His last name is of French origin with roots on his father's side and early traditional heritage attributable to that fact as Jean Baptiste Ducoigne was born Jan. 21, 1750, and soon baptized at the Church of St. Anne outside of Fort de Chartes.
Ducoigne's mother was a Tamaroa Native American, however, and Ducoigne's life was dedicated to leading tribes of Native Americans in the area as he was eventually referred to for his accomplishments as Chief of the Kaskaskias.
"He was a Tamaroan who eventually settled along the Little Muddy River in the area. He was kind of a gypsy, but his celebrity status grew," said Publisher John Croessman of The Du Quoin Evening Call.
Ducoigne was made chief of the Tamaroas in 1767. It was the same year the Illinois Confederacy made up of the Kaskaskias, the Michigans, the Peorias, the Cahokias and the Tamaroas, dissolved when Native Americans from the Michigan tribe murdered notable Chief Pontiac. In retaliation, the other tribes drove the Michigans onto Starved Rock and by 1769, had starved them to death.
Ducoigne continued to lead the Tamaroas. In 1778, he was commended in a letter of praise by French aristocrat and military officer Marquis de La Fayette who had aligned himself under the command of General George Washington and the Continental Army in the American Revolutionary War, for his (Ducoigne's) bravery. The chief knew many notables of the period including Washington, Thomas Jefferson and William Henry Harrison, according to written accounts published in the Du Quoin Evening Call.
In 1800 Chief Ducoigne merged the Kaskaskias, Cahokias and Tamaroas into a new confederacy.

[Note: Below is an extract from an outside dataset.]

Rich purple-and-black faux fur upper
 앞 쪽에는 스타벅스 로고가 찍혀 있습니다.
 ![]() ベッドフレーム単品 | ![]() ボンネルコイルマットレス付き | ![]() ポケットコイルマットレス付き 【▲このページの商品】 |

Under his leadership, they fought the Shawnees in prairies east of the Big Muddy two years later and it was bloody as nearly all were killed from both sides. The few who survived were from the Kaskaskia tribe and Ducoigne soon was referred to as Chief of the Kaskaskias.

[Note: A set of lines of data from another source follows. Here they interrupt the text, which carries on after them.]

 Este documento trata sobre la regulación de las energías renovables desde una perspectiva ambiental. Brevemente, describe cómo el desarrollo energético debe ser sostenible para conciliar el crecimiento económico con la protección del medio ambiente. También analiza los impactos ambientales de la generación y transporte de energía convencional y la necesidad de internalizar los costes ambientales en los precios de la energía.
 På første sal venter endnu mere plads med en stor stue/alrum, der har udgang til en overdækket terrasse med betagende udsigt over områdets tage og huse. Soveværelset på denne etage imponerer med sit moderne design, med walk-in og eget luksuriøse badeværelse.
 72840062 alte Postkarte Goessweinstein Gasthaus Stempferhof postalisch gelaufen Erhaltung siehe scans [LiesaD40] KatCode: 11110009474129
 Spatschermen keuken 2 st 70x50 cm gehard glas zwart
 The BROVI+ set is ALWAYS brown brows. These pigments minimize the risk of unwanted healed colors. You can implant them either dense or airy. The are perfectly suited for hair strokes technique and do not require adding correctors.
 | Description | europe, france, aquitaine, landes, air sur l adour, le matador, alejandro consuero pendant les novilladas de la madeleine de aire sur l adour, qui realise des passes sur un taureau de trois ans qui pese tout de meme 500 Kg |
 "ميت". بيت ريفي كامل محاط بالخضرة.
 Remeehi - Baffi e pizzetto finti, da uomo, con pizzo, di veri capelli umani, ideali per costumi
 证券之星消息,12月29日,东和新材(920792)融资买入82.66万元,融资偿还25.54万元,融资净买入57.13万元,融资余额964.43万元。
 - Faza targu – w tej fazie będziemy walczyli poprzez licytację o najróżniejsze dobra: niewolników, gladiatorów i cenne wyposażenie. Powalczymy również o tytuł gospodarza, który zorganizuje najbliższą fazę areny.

He died in 1811 and was buried in Kaskaskia. His son, Louis Jefferson Ducoigne, became chief of the tribe in 1811. He helped lay plans for a winter camp where hunting and trapping took place along the Little Muddy and nearby creeks. In the spring, tribe members sold their furs in Kaskaskia and spent the summer in leisure. Located on the main trail from Shawneetown to Kaskaskia, the camp offered shelter and hospitality to all travelers.
Soon a few settlers remained within the locale of the area Native American seasonal camps. There was Jarrold Jackson who owned and operated the first toll bridge across the Little Muddy River.
There was Daniel Dry who opened a store near the camps. And there was Chester A. Keyes who was instrumental in bringing the railroad to a platted township renamed Du Quoin which replanted the nearby Native American camps.
"When the railroad was laid out, there were a couple of houses remaining in the camps, but soon, everything began developing around the Illinois Central tracks and station," Croessman said about his town's origins.
Du Quoin soon developed with the first bank opened by G.S. Smith in 1860 and city water and electric service arriving in 1870.